Abstract
Currently, allergic rhinitis (AR) is the most common allergic disease worldwide. AR is defined as immunoglobulin E (IgE)-mediated chronic inflammatory disease of the upper airways. It characterizes by symptoms like nasal obstruction, rhinorrhea, nasal itching, and sneezing. The immune system and genetic susceptibility in the interaction with the environment lead to the development of AR. Many cytokines, chemokines and cells maintain allergic inflammation. Studies show that 10% to 30% of the adult population are affected, and that prevalence rates are increasing world widely. AR, nasal polyps (NP), as well as chronic rhinosinusitis (CRS) are all associated with eosinophilic infiltration and large quantities of mast cells (MCs) within the mucosa. The diagnosis and management of chronic sinonasal diseases involves the analysis of eosinophilic infiltration, MCs, and their markers eosinophilic cationic protein (ECP) and tryptase. Regarding nasal cancer, nasal allergies were found to exhibit a dual function: immune surveillance may help in the defense against malignant cells, but an opposite effect is observed in tissues with chronic stimulation and inflammation. In the present paper, we studied a group of 70 patients diagnosed with AR and NP, rhinosinusitis or nasal cancer, admitted to the Ear, Nose & Throat (ENT) Clinic of the Emergency City Hospital, Timişoara, Romania, between January 2016 and December 2020, and we identified 37 (53%) patients diagnosed with AR and NP, 25 (36%) patients diagnosed with AR and rhinosinusitis, and eight (11%) patients diagnosed with AR and nasal cancer. The average age of the patients was 53 years old. Every patient included in the study was histopathologically and immunohistochemically diagnosed.

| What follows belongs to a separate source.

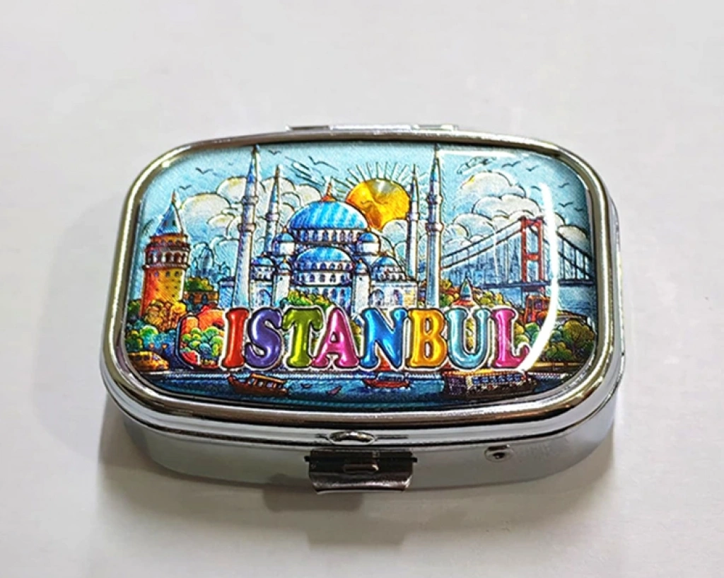 İSTANBUL TEMALI İLAÇ KUTUSU MODEL 4Ürün Özellikleriİstanbul temalı ilaç kutusu, canlı ve detaylı tasarımıyla günlük kullanımda hem işlevsel hem de estetik bir sağlık aksesuarı sunar. Üzerinde yer alan İstanbul teması sayesinde koleksiyonluk ve hediyelik eşya olarak da tercih edilen bu ürün, kompakt yapısı ile çanta içinde rahatlıkla taşınabilir. İç kısmında bulunan iki bölmeli ilaç kutusu tasarımı, farklı ilaçların düzenli ve karışmadan saklanmasına yardımcı olur. Dayanıklı gövdesi ve kapaklı yapısıyla ilaçların güvenli şekilde muhafaza edilmesini sağlayan bölmeli ilaç saklama kutusu, günlük kullanımın yanı sıra seyahatlerde de pratik bir çözüm sunar.Ürün Teknik Özellikleri Özellik Açıklama Ürün Adı İstanbul Temalı İlaç Kutusu Model 4 Ölçü Yaklaşık 5 x 5 cm Bölme Sayısı 2 bölmeli Tasarım İstanbul temalı kapak Kullanım Alanı Günlük kullanım, seyahat, çanta içi Paket İçeriği1 adet İstanbul Temalı İlaç Kutusu - Model 4

Keywords: allergic rhinitis and nasal polyps, rhinosinusitis, histopathology, immunohistochemistry
Introduction
At present, the most common atopic disorder in the United States (US) is allergic rhinitis (AR). It occurs when the mucosa of nasal passages becomes inflamed; it is characterized by rhinorrhea, nasal congestion, postnasal drip, and itchiness of the nose [1, 2]. It affects 20–40 million people annually, which means up to 30% of adults and 40% of children [3]. In AR, the inflammatory cascade involves an immediate immunoglobulin E (IgE)-mediated mast cell (MC) response and a late-phase response of basophils, eosinophils, and T-cells driven by the interleukin (IL)-4 and IL-5 cytokines [2]. The most frequent risk factors for AR, in adults, include eczema and a family history of childhood atopy; risk factors for AR include cigarette smoking and higher blood IgE levels [4].
AR is considered a relatively benign disease in terms of the affiliated medical spectrum, but patients with AR can have an impaired quality of life (QoL). They can have difficulty in sleeping, day-time exhaustion, cognitive disturbances, and mood changes [4].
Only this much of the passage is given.